Yeryüzünde bu kadar hasar varken, yeraltında çok daha şiddetli bir olay yaşandı. İlk günlerden itibaren 7 ay boyunca Erzin’den Arsuz’a, Hassa’dan Kırıkhan’a kadar büyük bir çalışma yürüttük. Profesyonel firmaların çıkamadığı ve heyelandan korktuğu yerlerden iletim hatlarımızı yeniden hayata bağlamaya çalıştık.
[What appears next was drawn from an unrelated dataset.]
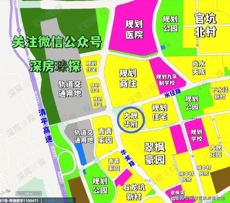 交通配套:大靓华府紧邻清平高速入口(500米),自驾30分钟可达福田;现有地铁5号线“下水径站”距离约1.5公里,需公交接驳;1公里内有10个公交站,覆盖5条地铁线(含3、14、10号线换乘),地铁25号线(规划中)设“水径西站”距项目仅200米,建成后可串联坂田科技城,但建设周期未定。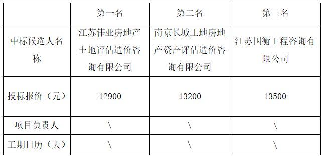 拟确定中标人:江苏伟业房地产土地评估造价咨询有限公司

Profesyonel firmaların çalışamadığı yerlerde arkadaşlarımız büyük bir fedakarlık göstererek hafta sonu gece gündüz demeden Hatay’ın toparlanmasına katkıda bulundular. Şu anda Hatay’ın her yerine yüzde 97-98 oranında içme suyu şebekesi kurduk. 7 ilçemiz ağır hasar gördü. Antakya, Defne, Samandağ, Kırıkhan, Hassa, Arsuz ve İskenderun. Bu ilçelerimizde insanlarımızı hayata bağlamaya çalıştık.
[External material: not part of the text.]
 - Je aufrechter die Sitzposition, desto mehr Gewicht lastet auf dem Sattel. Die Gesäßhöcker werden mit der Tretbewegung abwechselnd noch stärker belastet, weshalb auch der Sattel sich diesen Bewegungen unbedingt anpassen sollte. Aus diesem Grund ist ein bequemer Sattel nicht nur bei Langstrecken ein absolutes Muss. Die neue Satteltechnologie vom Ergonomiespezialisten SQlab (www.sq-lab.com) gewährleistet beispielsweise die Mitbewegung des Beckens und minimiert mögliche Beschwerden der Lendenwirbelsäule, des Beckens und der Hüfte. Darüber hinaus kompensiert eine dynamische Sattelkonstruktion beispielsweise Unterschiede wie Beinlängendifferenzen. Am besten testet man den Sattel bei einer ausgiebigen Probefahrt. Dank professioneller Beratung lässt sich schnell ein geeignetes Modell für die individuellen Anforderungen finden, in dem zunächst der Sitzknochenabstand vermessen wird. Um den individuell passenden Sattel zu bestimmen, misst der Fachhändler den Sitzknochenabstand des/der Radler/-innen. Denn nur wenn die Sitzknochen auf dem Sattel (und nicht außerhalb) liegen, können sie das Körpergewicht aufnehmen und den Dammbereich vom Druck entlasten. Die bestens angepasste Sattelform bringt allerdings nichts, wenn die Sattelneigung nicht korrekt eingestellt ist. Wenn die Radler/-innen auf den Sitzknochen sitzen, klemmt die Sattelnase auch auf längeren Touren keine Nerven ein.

Hatay’ın nasıl tasarlanacağı konusunda büyük bir devlet üniversitesindeki 126 akademisyenimizle İstanbul Büyükşehir Belediyemizle birlikte çalışıyoruz. Deprem kanunu gereği bize şu anda sadece itfaiye görevi ve mezar işi veriliyor ama rutin işlerimizden hiç ayrılmadık. Büyükşehir binamız yıkıldı, ek binamız yıkıldı. Maalesef birçok iş makinemiz ağır hasar gördü. 166 çocuğumuzu kaybettik, ailelerinde çok kayıp var. Aynı zamanda halen hastanede yatan engelli çalışanlarımız ve aileleri de var. Öte yandan iş makinalarımız ve itfaiye araçlarımızla sadece ilk üç günde 3.800 kişiyi kurtardık. Hatay’ı gerçekten unutmamak lazım.”